9. The method according to claim 7, wherein the well tool is a hydraulically settable packer, and further comprising the step of setting the packer by applying fluid pressure to the packer.
10. The method according to claim 9, wherein the flowing step is performed after the setting step.
11. The method according to claim 1, wherein in the interconnecting step, the remote fluid source is positioned at the earth's surface.
12. The method according to claim 1, wherein in the flowing step, the remote fluid source is positioned within the well.
13. The method according to claim 12, wherein in the flowing step, the remote fluid source and the plug apparatus are interconnected in a tubular string.
14. The method according to claim 1, wherein in the flowing step, the plug apparatus is interconnected to the remote fluid source via a line passing through a well tool positioned between the plug apparatus and the remote fluid source.
15. The method according to claim 1, further comprising the step of expending the plug member from within the plug apparatus.
16. The method according to claim 1, further comprising the step of rupturing a fluid barrier, thereby permitting fluid communication between the remote fluid source and the plug member.
17. The method according to claim 1, further comprising the step of applying a predetermined fluid pressure to the plug apparatus, thereby displacing a flow blocking member of the plug apparatus and permitting fluid communication between the remote fluid source and the plug member.
18. The method according to claim 1, wherein the flowing step further comprises transmitting a signal to the remote fluid source, the remote fluid source flowing the fluid in response to the signal.
20. The method according to claim 19, wherein in the interconnecting step, the plug apparatus is interconnected to the fluid source via a line passing through a well tool positioned between the plug apparatus and the fluid source.
21. The method according to claim 19, wherein in the interconnecting step, the tubular string includes a well tool.
22. The method according to claim 21, further comprising the step of actuating the well tool by applying fluid pressure to the tubular string before the fluid source actuating step.
23. The method according to claim 21, wherein the interconnecting step further comprises connecting a line between the fluid source and the plug apparatus through the well tool.
24. The method according to claim 19, wherein the interconnecting step further comprises interconnecting a line between the fluid source and the plug apparatus, the line extending at least partially external to the tubular string between the fluid source and the plug apparatus.
25. The method according to claim 19, wherein the actuating step further comprises applying a predetermined fluid pressure to the plug apparatus to thereby permit fluid communication between the fluid source and the plug member.
26. The method according to claim 25, wherein the applying step further comprises rupturing a fluid barrier blocking fluid communication between the fluid source and the plug member.
27. The method according to claim 25, wherein the applying step further comprises displacing a flow blocking member blocking fluid communication between the fluid source and the plug member.

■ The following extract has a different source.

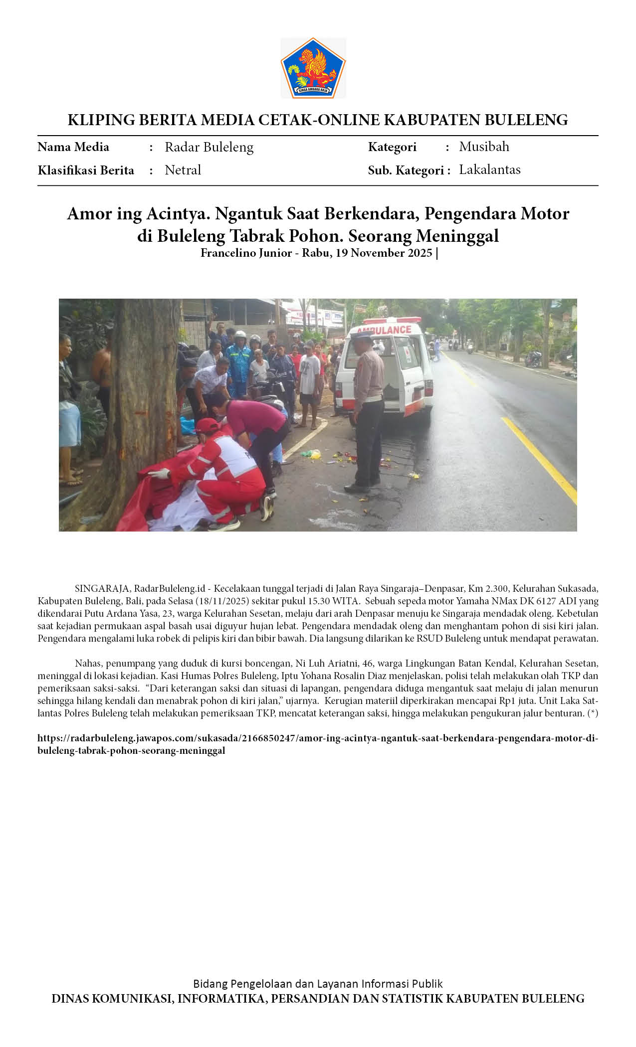 AMOR ING ACINTYA. NGANTUK SAAT BERKENDARA, PENGENDARA MOTOR DI BULELENG TABRAK POHON. SEORANG MENINGGAL

The present invention relates generally to operations performed in subterranean wells and, in an embodiment described herein, more particularly provides a remotely actuatable plug apparatus.

It is common practice for plugs in subterranean wells to be serviced via intervention into the wells. For example, a plugging device may be latched in an internal profile of a tubular string using a slickline, wireline, coiled tubing, etc. The plugging device may then be retrieved also using a slickline, wireline, coiled tubing, etc.

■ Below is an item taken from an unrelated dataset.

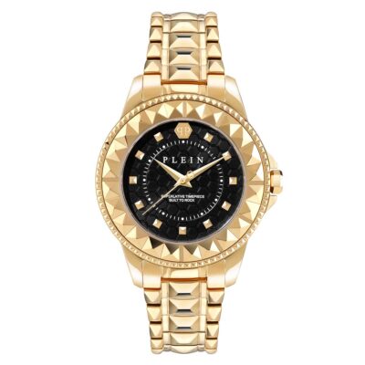 ساعت زنانه فیلیپ پلین مدل PWPQA0424 با طراحی طلایی درخشان و قاب سهبعدی هرمیشکل، جلوهای مجلل و جسورانه دارد. صفحهی مشکی با بافت لانهزنبوری و نشانگرهای برجسته طلایی، تضادی فریبنده و مدرن ایجاد کرده است. بند فلزی با طراحی خاص و حجمی، هماهنگی کامل با قاب دارد و حس لوکس بودن را دوچندان میکند. موتور دقیق کوارتز، مقاومت در برابر آب تا ۵ ATM و ساختار مقاوم از جنس استیل ضدزنگ، این ساعت را هم برای استایل روزمره و هم برای مجالس رسمی به انتخابی درخشان تبدیل میکند.

However, it would be more convenient, and at times less expensive, to be able to remotely actuate a plugging device. For example, instead of mobilizing a slickline, wireline or coiled tubing rig, ceasing production if necessary, and entering the tubing string with equipment for retrieving a plugging device, it would be far more convenient and economical to merely apply fluid pressure to open a plug apparatus and thereby permit fluid flow through a portion of the tubing string. It would, therefore, be desirable to provide a plug apparatus which is remotely actuated.

In carrying out the principles of the present invention, in accordance with an embodiment thereof, a remotely actuated plug apparatus is provided which permits actuation of the apparatus by application of fluid pressure thereto. Methods of using a remotely actuated plug apparatus are also provided.

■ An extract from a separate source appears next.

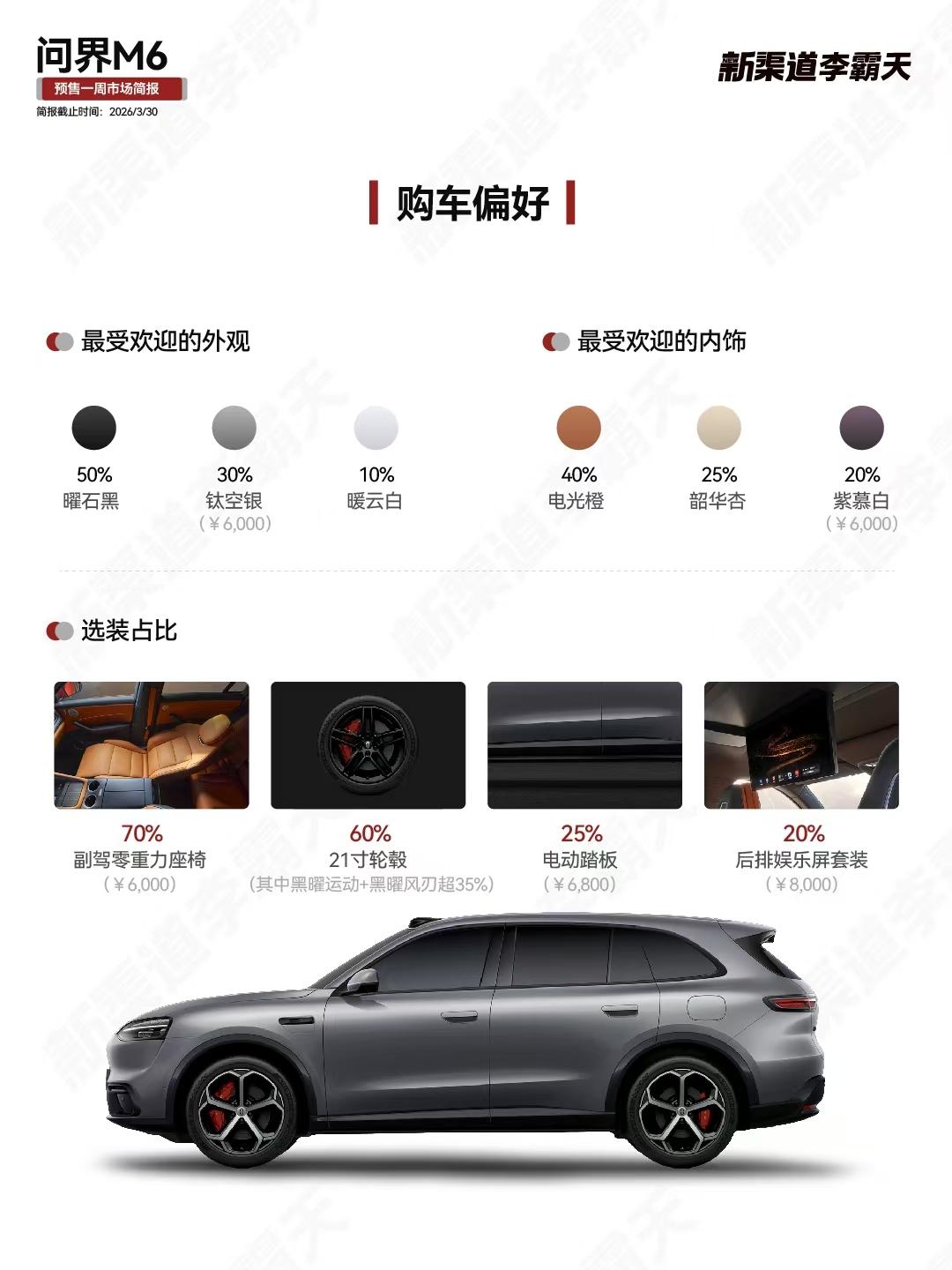 近日,有博主调研问界M6预售一周市场表现。整体看,问界M6平均单店小订60-80

In broad terms, a plug apparatus is provided which includes an expendable plug member. The plug member initially blocks fluid flow through one of two flow passages of the plug apparatus. The plug member may be expended by applying a predetermined fluid pressure to one of the two flow passages.

In one aspect of the present invention, a flow passage is isolated from fluid communication with a portion of the plug member by a fluid barrier or a flow blocking member. Application of the predetermined fluid pressure to the flow passage, or another flow passage, ruptures the fluid barrier or displaces the flow blocking member, thereby permitting fluid communication between one or both of the flow passages and the plug member portion. In various representative embodiments of the invention, the flow passages may or may not be placed in fluid communication with each other, and either of the flow passages may by placed in fluid communication with the plug member portion.

In another aspect of the present invention, fluid may be delivered to the plug member portion by a fluid source located within the well, or at the earth's surface. The fluid source may be interconnected to the plug apparatus by a line extending externally to the tubing string in which the plug apparatus is connected. The line may also extend through a well tool interconnected in the tubing string between the fluid source and the plug apparatus.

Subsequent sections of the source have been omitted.